Michele Sabrina Hinojosa and her sister, Rocío Romero, used a cellphone to do school assignments during part of the 2020 school year.

Adjusting for inflation, the Asociación Civil por la Igualdad y la Justicia (Civil Association for Equality and Justice), a human rights advocacy organization, says the budget for Plan S@rmiento BA has plummeted by 48% since 2019.

The association says 372 million Argentine pesos (about $4 million) were transferred from the Plan S@rmiento BA budget to private education at the end of 2020, which the government denies.

“The cuts to the Plan S@rmiento are very negative,” says Amanda Martín, union secretary of the Asociación Docente Ademys (Association of Secondary and Higher Education Teachers). “On the contrary, they should allocate more funds to it. There should be a massive program for the distribution of devices. Those who were left out were the poorest students.”

Created in 2011, Plan S@rmiento BA at first distributed a computer to each public school student and teacher. They could take the laptops home and had access to them even during school vacations.

That changed in 2018, when pupils no longer got their own computer. They could use laptops only in groups at school.

In May 2020, the Subsecretaría de Tecnología Educativa y Sustentabilidad (Undersecretariat of Educational Technology and Sustainability) allowed schools to lend equipment from Plan S@rmiento BA to students in socioeconomically vulnerable situations who didn’t have other devices.

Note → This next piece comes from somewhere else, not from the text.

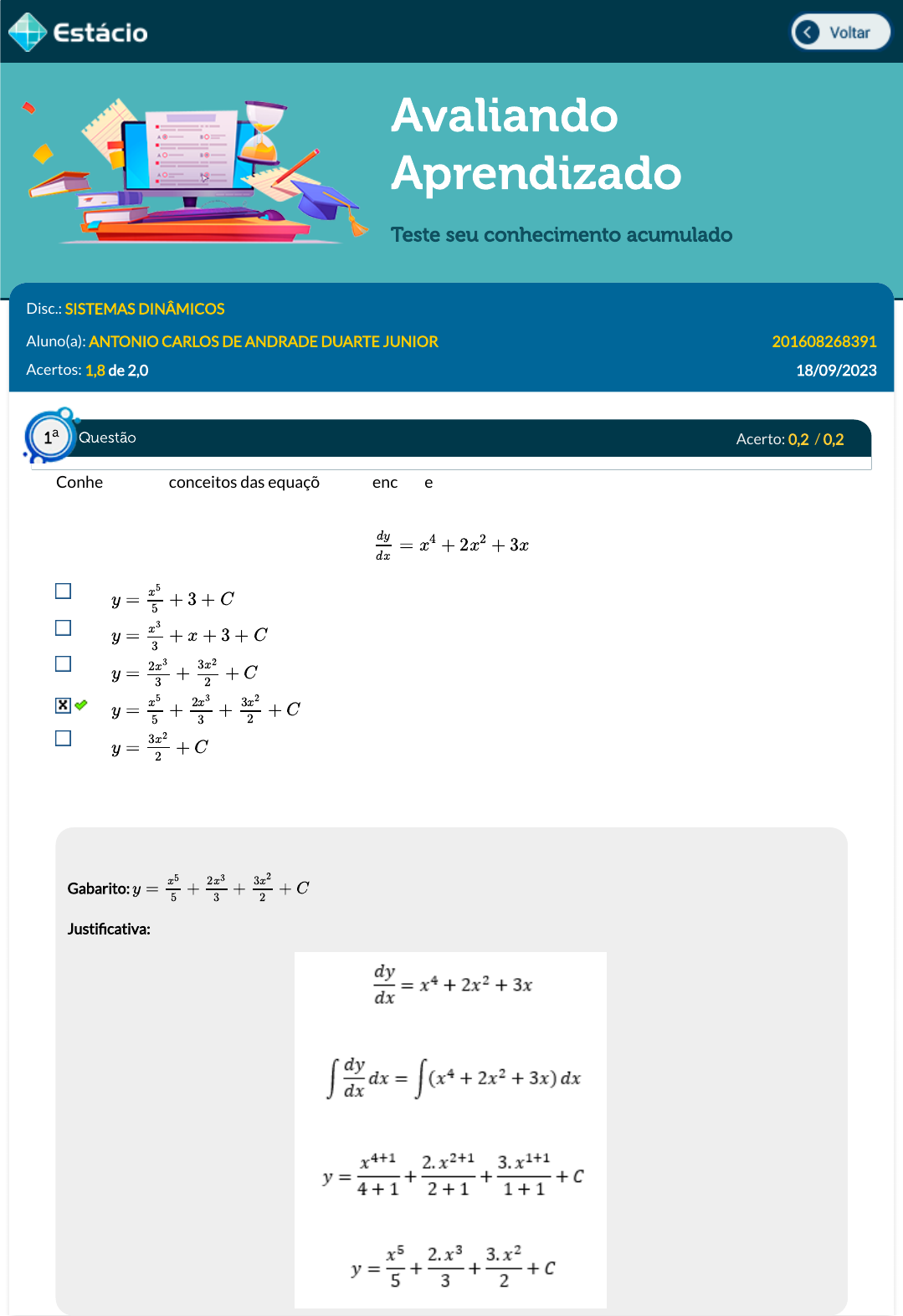 31/10/2023, 17:47 Estácio: Alunos https://simulado.estacio.br/alunos/ 1/7 Avaliando Aprendizado Teste seu conhecimento acumulado Disc.: SISTEMAS DINÂMICOS Aluno(a): ANTONIO CARLOS DE ANDRADE DUARTE JUNIOR 201608268391 Acertos: 1,8 de 2,0 18/09/2023 Acerto: 0,2 / 0,2 Conhecendo os conceitos das equações diferenciais e aplicando-se o Teorema do Valor Inicial, encontre a solução geral para a seguinte equação: Respondido em 18/09/2023 21:42:34 Explicação: Gabarito: Justi�cativa: = x4 + 2x2 + 3x dy dx y = + 3 + Cx 5 5 y = + x + 3 + Cx 3 3 y = + + C2x 3 3 3x2 2 y = + + + Cx 5 5 2x3 3 3x2 2 y = + C 3x2 2 y = + + + C x5 5 2x3 3 3x2 2 Questão1 a https://simulado.estacio.br/alunos/inicio.asp https://simulado.estacio.br/alunos/inicio.asp javascript:voltar(); javascript:voltar(); anton Lápis anton Lápis 31/10/2023, 17:47 Estácio: Alunos https://simulado.estacio.br/alunos/ 2/7 Acerto: 0,2 / 0,2 A representação matemática de um sistema físico que relaciona a sua entrada com a sua saída é de�nida como função de transferência. Observando a conexão entre as engrenagens do sistema mecânico abaixo, é possível a�rmar que o torque transmitido para o corpo inercial , sendo a relação e , é igual a: Fonte: YDUQS - Estácio - 2021 Respondido em 18/09/2023 21:44:15 Explicação: Gabarito: Justi�cativa: A relação entre as engrenagens é de�nida pela equação: Sendo assim, com os parâmetros da questão: Acerto: 0,2 / 0,2 Representar um sistema no espaço de estado apresenta uma grande importância no desenvolvimento de sistemas físicos sendo fundamental para a elaboração de estratégias de controle. Abaixo é possível observar um exemplo de função de transferência de um sistema físico. O vetor de variáveis de estado que de�ne esses sistemas é igual a: (T2) (N1 : N2 = 1 : 2) T1 = 10N .m T2 = 20N .m T2 = 25N .m T2 = 5N .m T2 = 4N .m T2 = 10N .m T2 = 20N .m Questão2 a Questão3 a 31/10/2023, 17:47 Estácio: Alunos https://simulado.estacio.br/alunos/ 3/7 Respondido em 18/09/2023 21:45:57 Explicação: Gabarito: Justi�cativa: A seleção das variáveis de estado é baseada na equação diferencial: Acerto: 0,2 / 0,2 A análise de um sistema pode ser realizada se o modelo matemático que de�ne seu sistema físico, por meio de uma função de transferência, for conhecido. Dessa forma, seu desempenho pode ser avaliado em função do estimulo recebido, ou seja, resposta a entrada. Considerando as especi�cações e estimativas da resposta transitória em sistemas, é possível estimar o tempo de acomodação, em segundos, de um sistema com coe�ciente de amortecimento e frequência natural iguais a 2 e 4rad/s, respectivamente: 1s 0,5s 4s 2s 8s Respondido em 18/09/2023 21:56:06 Explicação: Acerto: 0,2 / 0,2 G(s) = =80 s3+12s2+20s C(s) R(s) x = [ċ c̈ ... c ] x = [ċ ċ ... c ] x = [ċ c̈ ċ ] x = [c ċ c̈ ] x = [c c̈ ... c ] x = [c ċ c̈ ] G(s) = = 80 s3+12s2+20s C(s) R(s) (s3 + 12s2 + 20s)C(s) = 80R(s) s3C(s) + 12s2C(s) + 20sC(s) = 80R(s) ... c + 12c̈ + 20ċ = 80r ... c + 12c̈ + 20ċ = 80r Variáveis de fase = ⎧ ⎨⎩ x1 = c x2 = ċ x3 = c̈ Questão4 a Questão 5 a 31/10/2023, 17:47 Estácio: Alunos https://simulado.estacio.br/alunos/ 4/7 Uma função de transferência é de�nida como a razão entre a transformada de Laplace da saída para a entrada com todas as condições iniciais iguais a zero. Observe a função de transferência abaixo, é possível considerar, adotando-se o princípio fundamental da estabilidade com relação à posição das raízes do sistema, que o sistema é: instável pois possui raízes no semi-plano direito. estável pois apenas possui raízes no semi-plano esquerdo. estável pois possui raízes no semi-plano direito. estável pois possui raízes sobre o eixo imaginário. instável pois apenas possui raízes no semi-plano esquerdo. Respondido em 18/09/2023 21:48:59 Explicação: Gabarito: estável pois apenas possui raízes no semi-plano esquerdo. Justi�cativa: Pela função de transferência é possível observar que: As raízes desse sistema são apenas pólos e podem ser de�nidas por: Acerto: 0,2 / 0,2 A representação de sistemas físicos através de modelos matemáticos é uma ferramenta de grande importância. Considerando o sistema elétrico da �gura abaixo, é possível dizer que o número de variáveis de estado que o mesmo apresenta é igual a: 1 3 5 4 2 Respondido em 18/09/2023 21:53:00 Explicação: Gabarito: 2 Justi�cativa: Como o sistema apresenta dois elementos passivos armazenadores de energia (um capacitor e um indutor) é seguro a�rmar que a representação no espaço de estado possuirá 2 variáveis de estado. G(s) = 80 (s+2)(s+6) G(s) = 80 (s+2)(s+6) s + 2 = 0 → s = −2 s + 6 = 0 → s = −6 Questão6 a 31/10/2023, 17:47 Estácio: Alunos https://simulado.estacio.br/alunos/ 5/7 Acerto: 0,2 / 0,2 A representação matemática de um sistema físico que relaciona a sua entrada com a sua saída é de�nida como função de transferência. Considere um sistema que possua um zero localizado na posição e um pólo localizado em . A função de transferência desse sistema é de�nida como: Respondido em 18/09/2023 22:15:14 Explicação: Gabarito: Justi�cativa: Como a função de transferência é de�nida pelos valores de s capazes de levarem a função para zero (numerador) ou in�nito (denominador), pode-se desenvolver: Acerto: 0,0 / 0,2 O desenvolvimento de sistemas de automação e controles de processos físicos depende de sua representação no espaço de estado por meio do conhecimento de todas as variáveis envolvidas. Para que a conversão de espaço de estado em função de transferência seja possível, é fundamental a determinação do termo . O determinante da matriz é dado por: Respondido em 18/09/2023 22:20:58 Explicação: Gabarito: −1 −4 (s+4) (s+1) (s−4) (s−1) 1 (s+1)(s+4) (s−1) (s−4) (s+1) (s+4) (s+1) (s+4) (sI − A)−1 sI − A s + 2s + 2 s2 + 2s s

According to the Buenos Aires Ministry of Education, students received 31,298 computers in 2020. But the Civil Association for Equality and Justice says that in a system with 712,640 learners, more than 68,000 students still didn’t have access to a computer.

Then there are students like Michele Sabrina Hinojosa, who has asthma and in 2020 came down with COVID-19, the disease caused by the coronavirus. Face-to-face classes pose a serious health risk for her.

Hinojosa, 16, has access to her younger sister’s laptop, which the family received through Plan S@rmiento BA five years ago. Their mother, Patricia Romero, works in a soup kitchen and as a maintenance worker in Barrio 20, a neighborhood in Buenos Aires. The family rents a room with a single small window and a table that serves as a counter, dining table and desk.

“I was hoping they would give me the computer so I could do my assignments. It was kind of disappointing. Now, I don’t think I’ll pass."15-year-old student

The house where they rent the room gets almost no cellphone signal. Romero must buy internet data, which she can barely afford.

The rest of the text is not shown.